* _TASK DESCRIPTION_: The whole listing needs to be written out exactly, except for any images.

* _DATA_:
———

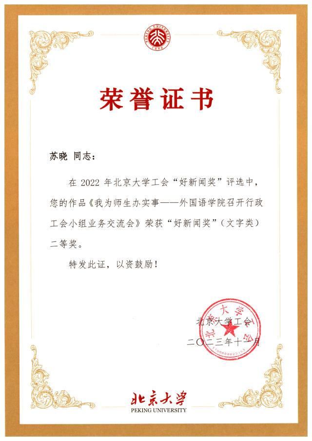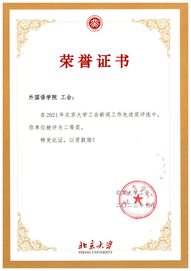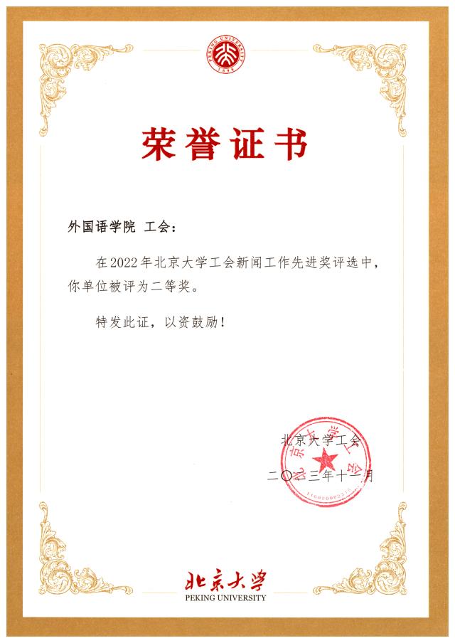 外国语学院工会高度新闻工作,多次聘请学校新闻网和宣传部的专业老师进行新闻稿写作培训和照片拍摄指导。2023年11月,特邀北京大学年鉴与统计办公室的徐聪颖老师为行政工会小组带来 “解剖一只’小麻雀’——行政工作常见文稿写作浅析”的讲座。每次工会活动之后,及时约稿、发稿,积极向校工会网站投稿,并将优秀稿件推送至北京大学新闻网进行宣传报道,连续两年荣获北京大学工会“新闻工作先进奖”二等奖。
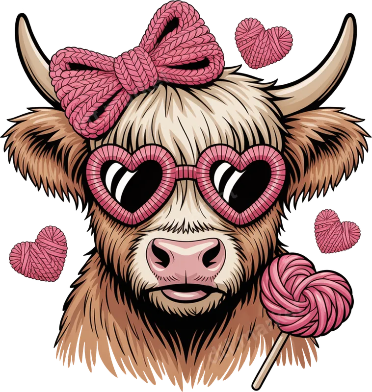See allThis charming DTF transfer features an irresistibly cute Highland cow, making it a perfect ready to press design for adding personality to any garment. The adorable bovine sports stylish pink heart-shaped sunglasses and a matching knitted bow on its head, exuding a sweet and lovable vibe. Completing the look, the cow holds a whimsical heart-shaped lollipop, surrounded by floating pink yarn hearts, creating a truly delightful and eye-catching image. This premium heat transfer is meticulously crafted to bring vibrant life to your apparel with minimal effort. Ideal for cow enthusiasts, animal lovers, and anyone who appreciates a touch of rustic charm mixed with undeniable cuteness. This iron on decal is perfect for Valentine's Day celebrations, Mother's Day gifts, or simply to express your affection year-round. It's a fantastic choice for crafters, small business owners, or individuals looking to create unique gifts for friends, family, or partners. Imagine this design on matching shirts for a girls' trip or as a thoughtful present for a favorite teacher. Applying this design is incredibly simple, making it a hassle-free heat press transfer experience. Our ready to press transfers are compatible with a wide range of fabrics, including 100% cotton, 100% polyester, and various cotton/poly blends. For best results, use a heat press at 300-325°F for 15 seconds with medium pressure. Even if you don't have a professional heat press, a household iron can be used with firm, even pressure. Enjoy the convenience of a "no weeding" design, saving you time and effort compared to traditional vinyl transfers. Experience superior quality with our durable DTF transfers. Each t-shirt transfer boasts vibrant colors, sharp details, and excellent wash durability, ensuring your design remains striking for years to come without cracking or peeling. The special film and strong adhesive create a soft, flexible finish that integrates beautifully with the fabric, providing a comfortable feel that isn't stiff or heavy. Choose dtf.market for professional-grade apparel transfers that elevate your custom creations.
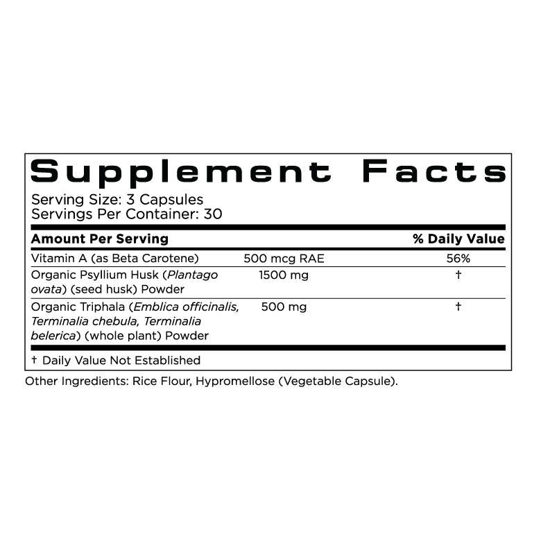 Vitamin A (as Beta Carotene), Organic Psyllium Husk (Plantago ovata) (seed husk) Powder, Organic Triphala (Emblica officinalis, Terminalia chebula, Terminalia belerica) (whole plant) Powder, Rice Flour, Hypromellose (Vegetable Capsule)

———

* _RESULT OF THE TASK_:
 外国语学院工会高度新闻工作,多次聘请学校新闻网和宣传部的专业老师进行新闻稿写作培训和照片拍摄指导。2023年11月,特邀北京大学年鉴与统计办公室的徐聪颖老师为行政工会小组带来 “解剖一只’小麻雀’——行政工作常见文稿写作浅析”的讲座。每次工会活动之后,及时约稿、发稿,积极向校工会网站投稿,并将优秀稿件推送至北京大学新闻网进行宣传报道,连续两年荣获北京大学工会“新闻工作先进奖”二等奖。
See allThis charming DTF transfer features an irresistibly cute Highland cow, making it a perfect ready to press design for adding personality to any garment. The adorable bovine sports stylish pink heart-shaped sunglasses and a matching knitted bow on its head, exuding a sweet and lovable vibe. Completing the look, the cow holds a whimsical heart-shaped lollipop, surrounded by floating pink yarn hearts, creating a truly delightful and eye-catching image. This premium heat transfer is meticulously crafted to bring vibrant life to your apparel with minimal effort. Ideal for cow enthusiasts, animal lovers, and anyone who appreciates a touch of rustic charm mixed with undeniable cuteness. This iron on decal is perfect for Valentine's Day celebrations, Mother's Day gifts, or simply to express your affection year-round. It's a fantastic choice for crafters, small business owners, or individuals looking to create unique gifts for friends, family, or partners. Imagine this design on matching shirts for a girls' trip or as a thoughtful present for a favorite teacher. Applying this design is incredibly simple, making it a hassle-free heat press transfer experience. Our ready to press transfers are compatible with a wide range of fabrics, including 100% cotton, 100% polyester, and various cotton/poly blends. For best results, use a heat press at 300-325°F for 15 seconds with medium pressure. Even if you don't have a professional heat press, a household iron can be used with firm, even pressure. Enjoy the convenience of a "no weeding" design, saving you time and effort compared to traditional vinyl transfers. Experience superior quality with our durable DTF transfers. Each t-shirt transfer boasts vibrant colors, sharp details, and excellent wash durability, ensuring your design remains striking for years to come without cracking or peeling. The special film and strong adhesive create a soft, flexible finish that integrates beautifully with the fabric, providing a comfortable feel that isn't stiff or heavy. Choose dtf.market for professional-grade apparel transfers that elevate your custom creations.
 Vitamin A (as Beta Carotene), Organic Psyllium Husk (Plantago ovata) (seed husk) Powder, Organic Triphala (Emblica officinalis, Terminalia chebula, Terminalia belerica) (whole plant) Powder, Rice Flour, Hypromellose (Vegetable Capsule)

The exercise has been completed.